“Genuine happiness can only be achieved when we transform our way of life from the unthinking pursuit of pleasure to one committed to enriching our inner lives, when we focus on ‘being more’ rather than simply having more.” – Daisaku Ikeda
Happiness is one of those things that doesn’t have a universal indicator, it simply means something different to each individual.
Sure, a smile is generally considered to be a sign of joy, but who’s to say that smile isn’t just a guise? I’ve noticed that we as human beings are naturally brilliant actors, especially when it comes to concealing our true emotions.
What we’re constantly portraying on the outside (a happy, euphoric persona), doesn’t necessarily match what festers on the inside. And what’s really on the inside, the content of our inner self, is all a matter of perspective.

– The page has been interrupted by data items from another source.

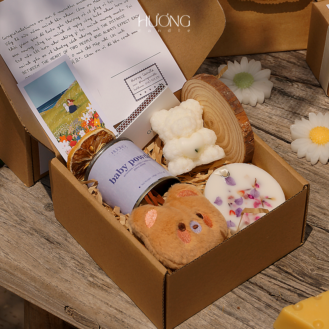 Hương Candle nhận đặt hộp quà số lượng lớn cho Doanh nghiệp, ngày cưới, kỷ niệm, sự kiện,…được cá nhân hoá từng vị khách, tên riêng từng người, làm quà tặng đối tác, khách hàng. Nhắn tin hoặc liên lạc trực tiếp Hương Candle để trao đổi kỹ với chúng mình nhé!
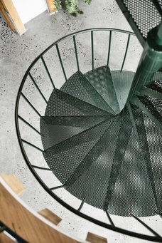 Terrassen er skåret ud af cirkelformen, så den ikke er bygget uden for huset, men er en del af selve huset
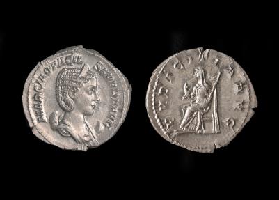 Otacilia Severa Ar Antoninianus. MARCIA OTACIL SEVERA AVG, diademed draped bust r. on crescent. Rev., PVDICITIA AVG, Pudicita seated left, raising veil, holding sceptre. RIC 123c; RSC 53.
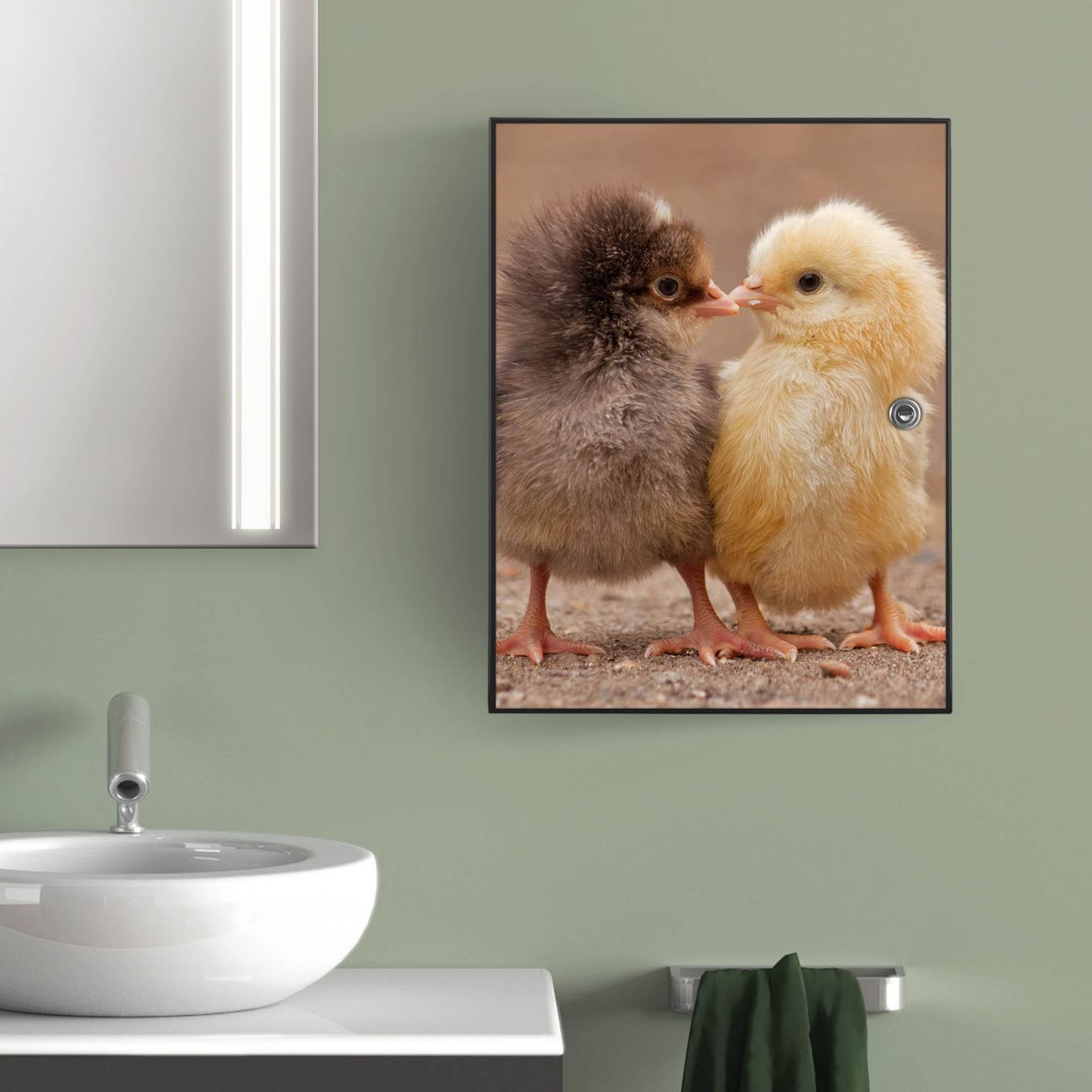 Medizinschrank Stahl Motiv Zwei Küken
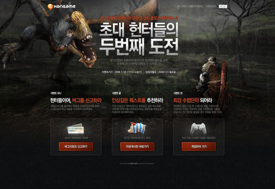 한게임은 블록버스터 헌팅 액션 게임 ‘몬스터헌터 프론티어 온라인’(http://mhf.hangame.com)의 2차 클로즈 베타 테스트를 금일부터 오는 13일까지 4일간 실시한다고 10일 밝혔다.

Yes, sadness, stress, and serious situations are unavoidable parts of life and these do tend to derail our joy. Yet, it is still up to us to find glints of happiness even in our darkest moments and recover.
For genuine happiness is a form of self-service and has very little to do with external forces (most notably other people). It’s about contentment with self.
And so today, we’ll be looking at 3 signs that should clearly indicate to you that your happiness is either authentically sound or concernedly fake.
(If you’re new to the blog, it’s really awesome to have you here. And if you’re no stranger, welcome back! By all means, do enjoy the content and come back anytime. You’re always welcomed here in my little space to be creative.)
#1. You’re Too Involved In The Affairs Of Others
What I’ve learnt from other genuinely happy individuals and from myself in my own journey to becoming authentically happy, is that sincerely happy people usually don’t have a lot of time on their hands.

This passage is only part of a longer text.